Common Column Types¶
Ralph uses standard Crystal types, which it maps to the underlying database types:
| Crystal Type | SQLite Type | PostgreSQL Type | Notes |
|---|---|---|---|
Int64 / Int32 |
INTEGER |
BIGINT / INT |
Use Int64 for primary keys |
String |
TEXT |
VARCHAR / TEXT |
|
Bool |
INTEGER |
BOOLEAN |
SQLite: 0 or 1 |
Time |
DATETIME |
TIMESTAMP |
|
Float64 |
REAL |
DOUBLE PRECISION |
Advanced Types¶
Ralph provides built-in support for advanced database types with automatic backend adaptation:
| Crystal Type | Purpose | PostgreSQL | SQLite | Documentation |
|---|---|---|---|---|
Enum |
Enumerated values | Native ENUM or VARCHAR | VARCHAR with CHECK | Types Guide |
JSON::Any |
JSON documents | JSONB or JSON | TEXT with json_valid | Types Guide |
UUID |
Unique identifiers | Native UUID | CHAR(36) | Types Guide |
Array(T) |
Homogeneous arrays | Native arrays | JSON arrays | Types Guide |
For comprehensive documentation on advanced types including usage examples, query operators, and custom type creation, see the Advanced Types Guide.
Nullable Columns¶
To make a column nullable in the database, use the Crystal nilable type syntax (?):
Default Values¶
You can specify a default value for a column. This value will be assigned to the attribute when a new instance is created:
Primary Keys¶
Every model must have a primary key. By default, Ralph looks for a column named id. You can designate any column as the primary key by passing primary: true to the column macro.
Ralph supports flexible primary key types including Int64, Int32, String, and UUID. When you define a primary key, Ralph automatically creates a PrimaryKeyType type alias that associations use for foreign key columns:
class Organization < Ralph::Model
column id : String, primary: true # Creates alias PrimaryKeyType = String
column name : String
has_many teams : Team
end
class Team < Ralph::Model
column id : Int64, primary: true
column name : String
belongs_to organization : Organization # Foreign key is String (matches Organization's PK type)
end
Note: Polymorphic associations store foreign key IDs as strings to support any primary key type (
Int64,String,UUID, etc.). This provides maximum flexibility while maintaining type safety through the registry-based lookup system.
Column Name Conversion¶
Ralph automatically handles the conversion between Crystal's camelCase (for properties) and the database's snake_case (for column names).
- Crystal Property:
created_at - Database Column:
created_at
Wait, Crystal usually uses snake_case for variables and methods too!

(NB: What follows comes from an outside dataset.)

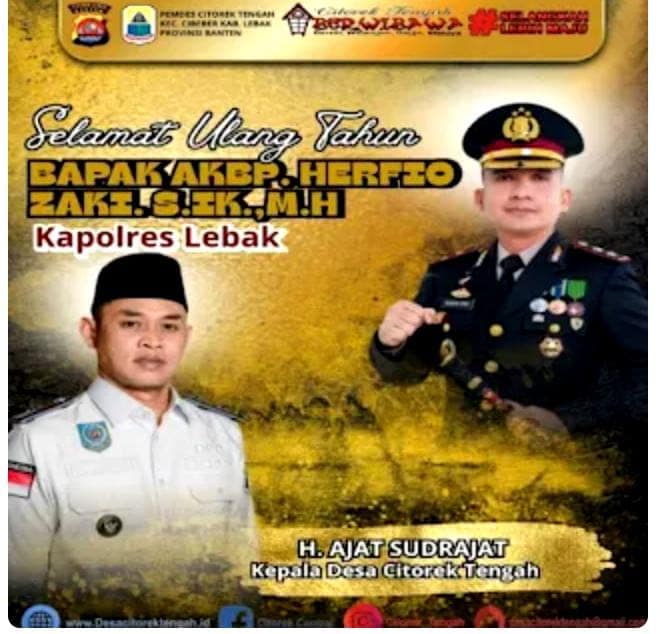 LEBAK — Ketua Asosiasi Pemerintah Desa Seluruh Indonesia (APDESI) Kabupaten Lebak, H. Ajat Sudrajat, bersama keluarga besar Media Online Infomasyarakat, menyampaikan ucapan selamat ulang tahun kepada AKBP Herfio Zaki S.I.K., M.H., Kapolres Lebak, yang merayakan hari kelahirannya ke-42 tahun.

Ralph follows Crystal's standard naming conventions. If you define a column as firstName, it will map to first_name in the database if using standard migration generators, but the ORM itself uses the exact name provided in the column macro for the SQL.
Automatic Timestamps¶
Ralph provides a Ralph::Timestamps module that automatically manages created_at and updated_at columns when included in your model:
class Post < Ralph::Model
include Ralph::Timestamps
table :posts
column id : Int64, primary: true
column title : String
column body : String
end
This module:
- Adds created_at : Time? column - set automatically when a record is first created
- Adds updated_at : Time? column - set automatically on every save (create or update)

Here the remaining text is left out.